§ **Instructions for the task**: Transcribe, exactly and without pictures, the lines below from the line with "The cotton is" to the line with "Incluye: 1. Libro", both ends included, and no others.

§ **Given entries**:
-------

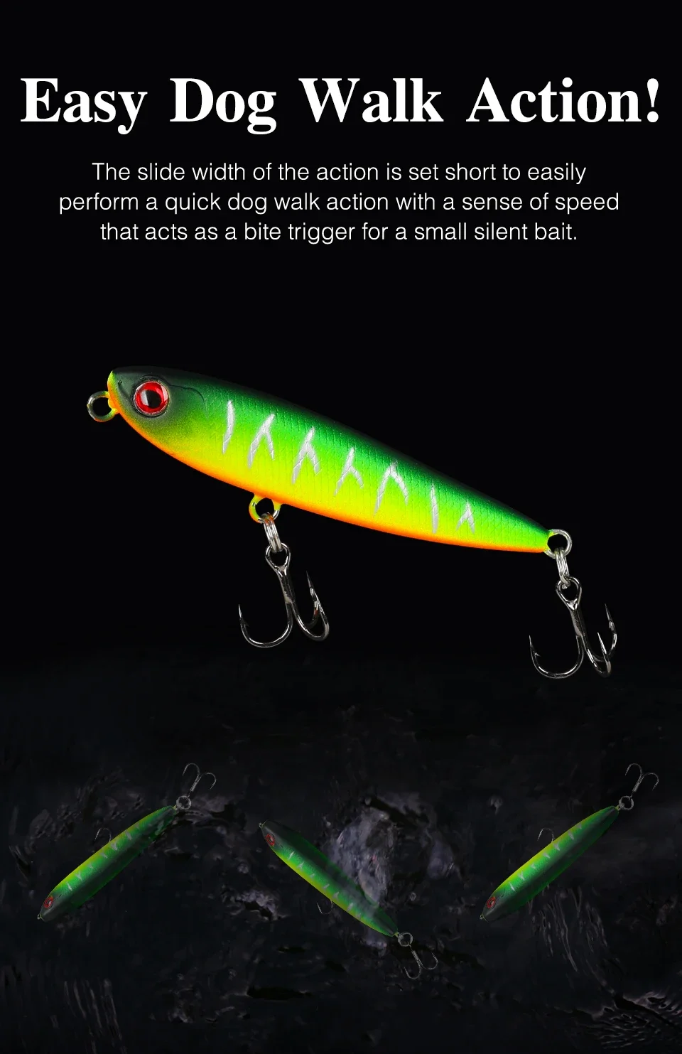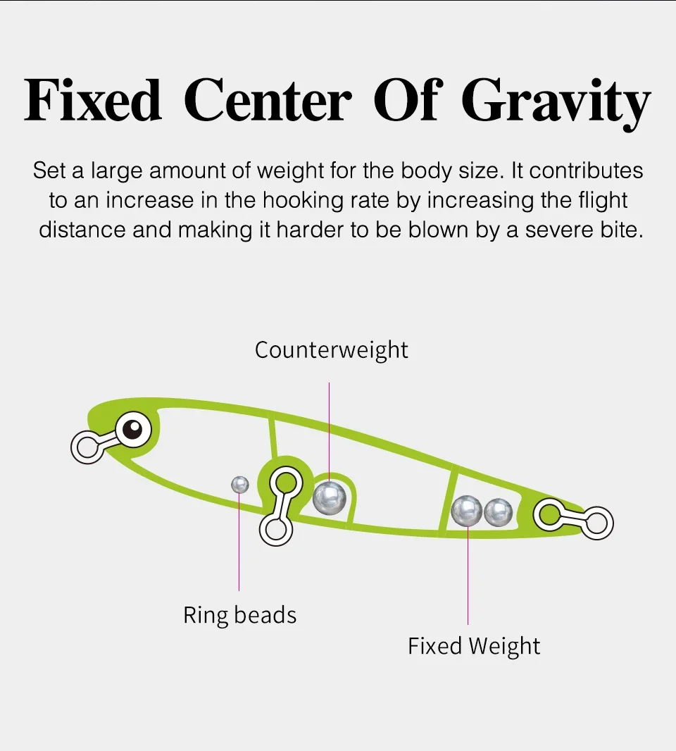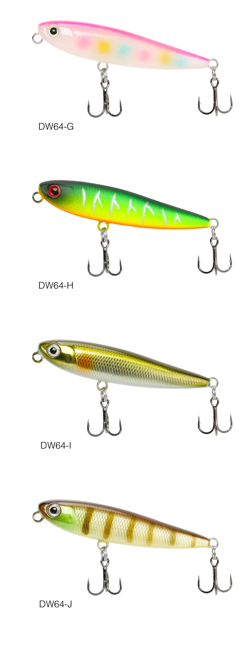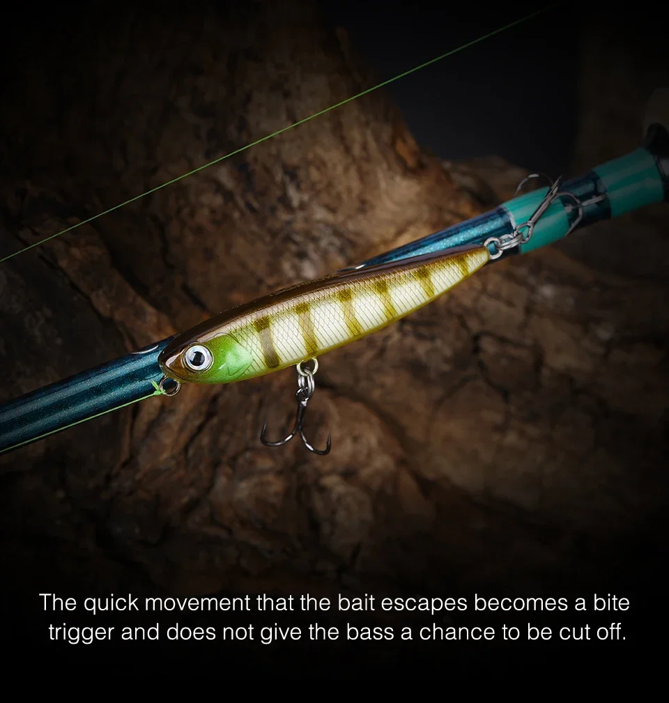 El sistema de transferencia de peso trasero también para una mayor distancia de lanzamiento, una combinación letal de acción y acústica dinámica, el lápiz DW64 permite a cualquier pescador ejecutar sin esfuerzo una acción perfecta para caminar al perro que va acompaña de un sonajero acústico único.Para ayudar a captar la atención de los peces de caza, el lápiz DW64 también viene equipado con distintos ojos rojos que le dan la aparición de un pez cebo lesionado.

-------

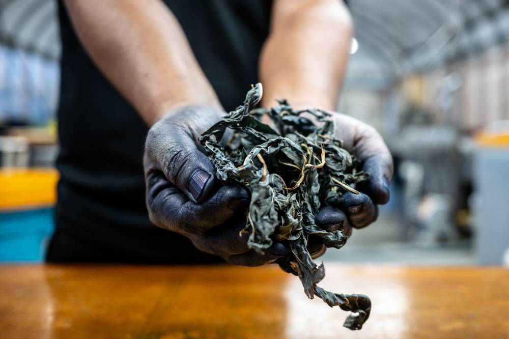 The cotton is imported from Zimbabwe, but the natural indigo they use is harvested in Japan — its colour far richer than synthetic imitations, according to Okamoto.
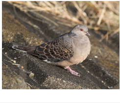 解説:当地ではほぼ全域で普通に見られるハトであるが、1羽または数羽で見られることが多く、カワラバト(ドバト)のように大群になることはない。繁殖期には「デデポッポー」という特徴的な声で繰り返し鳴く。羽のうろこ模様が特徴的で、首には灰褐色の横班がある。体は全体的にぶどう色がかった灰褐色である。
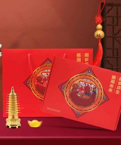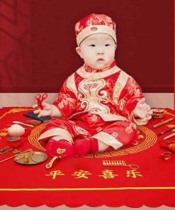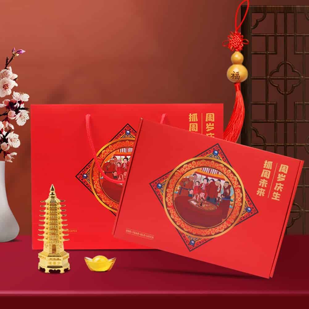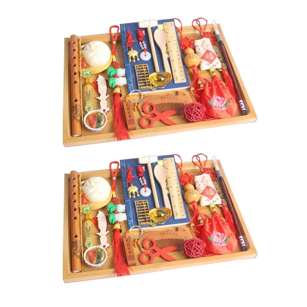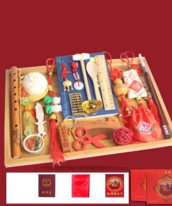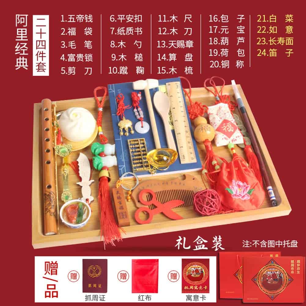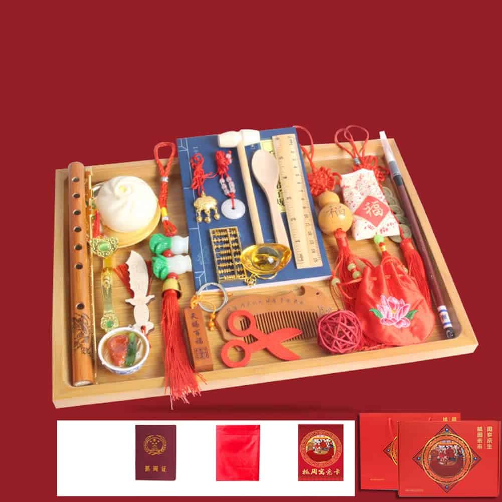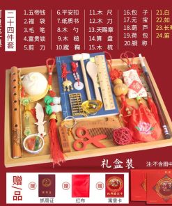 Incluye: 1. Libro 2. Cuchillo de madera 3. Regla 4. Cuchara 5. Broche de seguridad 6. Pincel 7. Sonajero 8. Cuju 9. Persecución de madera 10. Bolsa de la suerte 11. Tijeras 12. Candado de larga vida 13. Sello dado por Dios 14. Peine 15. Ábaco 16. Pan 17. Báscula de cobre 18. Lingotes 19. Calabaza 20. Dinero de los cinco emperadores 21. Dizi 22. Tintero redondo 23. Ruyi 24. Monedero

-------

§ **Your response**:
 The cotton is imported from Zimbabwe, but the natural indigo they use is harvested in Japan — its colour far richer than synthetic imitations, according to Okamoto.
 解説:当地ではほぼ全域で普通に見られるハトであるが、1羽または数羽で見られることが多く、カワラバト(ドバト)のように大群になることはない。繁殖期には「デデポッポー」という特徴的な声で繰り返し鳴く。羽のうろこ模様が特徴的で、首には灰褐色の横班がある。体は全体的にぶどう色がかった灰褐色である。
 Incluye: 1. Libro 2. Cuchillo de madera 3. Regla 4. Cuchara 5. Broche de seguridad 6. Pincel 7. Sonajero 8. Cuju 9. Persecución de madera 10. Bolsa de la suerte 11. Tijeras 12. Candado de larga vida 13. Sello dado por Dios 14. Peine 15. Ábaco 16. Pan 17. Báscula de cobre 18. Lingotes 19. Calabaza 20. Dinero de los cinco emperadores 21. Dizi 22. Tintero redondo 23. Ruyi 24. Monedero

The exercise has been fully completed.